This is an excerpt from the bestselling book
Oracle Grid & Real Application Clusters. To get immediate
access to the code depot of working RAC scripts, buy it
directly from the publisher and save more than 30%.
I/O Fencing ? exclusion
strategy
There will be some situations
where the leftover write operations from failed database instances
reach the storage system after the recovery process starts, such as
when the cluster function failed on the nodes, but the nodes are
still running at OS level. Since these write operations are no
longer in the proper serial order, they can damage the consistency
of the stored data. Therefore, when a cluster node fails, the failed
node needs to be fenced off from all the shared disk devices or disk
groups. This methodology is called I/O Fencing, sometimes called
Disk Fencing or failure fencing.
The main function of the I/O
fencing includes preventing updates by failed instances, and
detecting failure and preventing split brain in cluster. Cluster
Volume Manager, in association with the shared storage unit, and
Cluster File System play a significant role in preventing the failed
nodes accessing shared devices.
For example, in Sun Cluster,
disk fencing is done through SCSI-2 reservation for dual hosted SCSI
devices and for multi-hosted environment through SCSI-3 PR. Veritas
Advance Cluster uses the SCSI-3 persistent reservation to perform
I/O fencing. In the case of Linux clusters, CFS like Polyserve and
Sistina GFS are able to perform I/O fencing by using different
methods like fabric fencing that uses SAN access control mechanism.
SCSI-3 PR
SCSI-3 PR, which stands for
Persistent Reservation, supports multiple nodes accessing a device
while at the same time blocking access to other nodes. SCSI-3 PR
reservations are persistent across SCSI bus resets or node reboots
and also support multiple paths from host to disk. For SCSI-2 disks,
reservations are not persistent which means they do not survive node
reboots.
SCSI-3 PR uses a concept of
registration and reservation. Systems that participate, register a
key with SCSI-3 device. Each system registers its own key. Then
registered systems can establish a reservation. With this method,
blocking write access is as simple as removing registration from a
device. A system wishing to eject another system issues a pre-empt
and abort command and that ejects another node. Once a node is
ejected, it has no key registered so that it cannot eject others.
This method effectively avoids the split-brain condition.
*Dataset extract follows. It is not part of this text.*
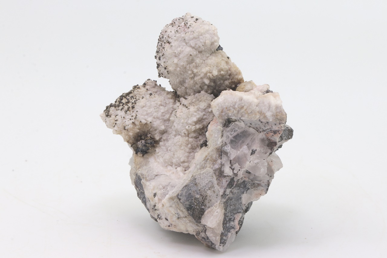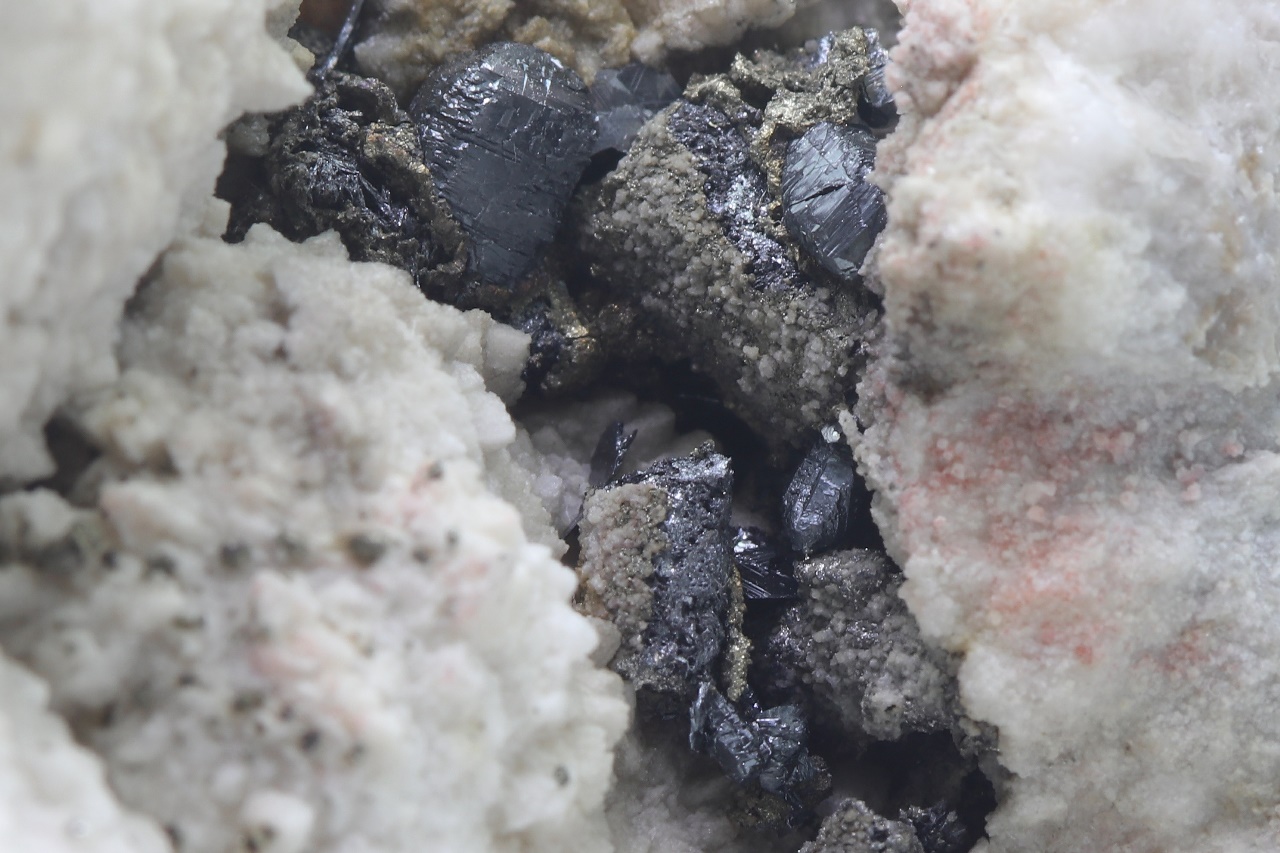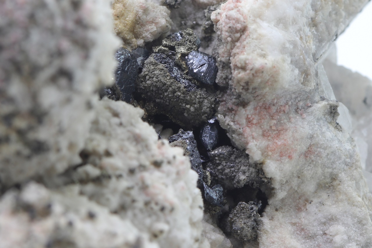A very high-quality and aesthetic specimen of silver ores from the central Březohorské deposit. Several centimeter-sized tabular crystals of white baryte are covered with bluish-white sugary dolomite. Glossy grooved crystals of stefanite in the central cavity reach sizes of up to 5 mm. Quite atypically for the Březohorské deposit, some stefanite crystals on the outside are being pushed by native silver, best seen on the stefanite crystal in the left part of the specimen, outside the main cavity. Next to the stefanite crystals, a hexagonal tabular crystal of polybasite is present in the main cavity, with typical triangular growths on the basal plane.

Another benefit of the SCSI-3 PR
method is that since a node registers the same key down each path,
ejecting a single key blocks all I/O paths from that node. For
example, SCSI-3 PR is implemented by EMC Symmetrix, Sun T3, and
Hitachi Storage systems. In case of SCSI-2 reservation, it works
only with one path with one host.
Arbitration through Quorum
Disks
In case of SCSI-2 reservation,
the Clusterware seeks to reserve a quorum disk to break the tie in
cases of split cluster. A quorum disk is a nominated device in the
shared storage connected to the relevant nodes. The reservation is
enacted as a SCSI-2 ioctl. The node that is granted the reservation
causes the second attempt to fail. The SCSI-2 reservation ioctl used
is part of the SCSI-2 command set. This is commonly implemented in
most modern disk firmware. However, the reservation call is neither
persistent, or capable of surviving reboots, nor able to cope with
multiple paths to the same device.
A quorum disk must be defined
for a two-node cluster. This arrangement enables any single node
that obtains the vote of the quorum disk to maintain majority and
continue as a viable cluster. Clusterware forces the loosing node
out of the cluster.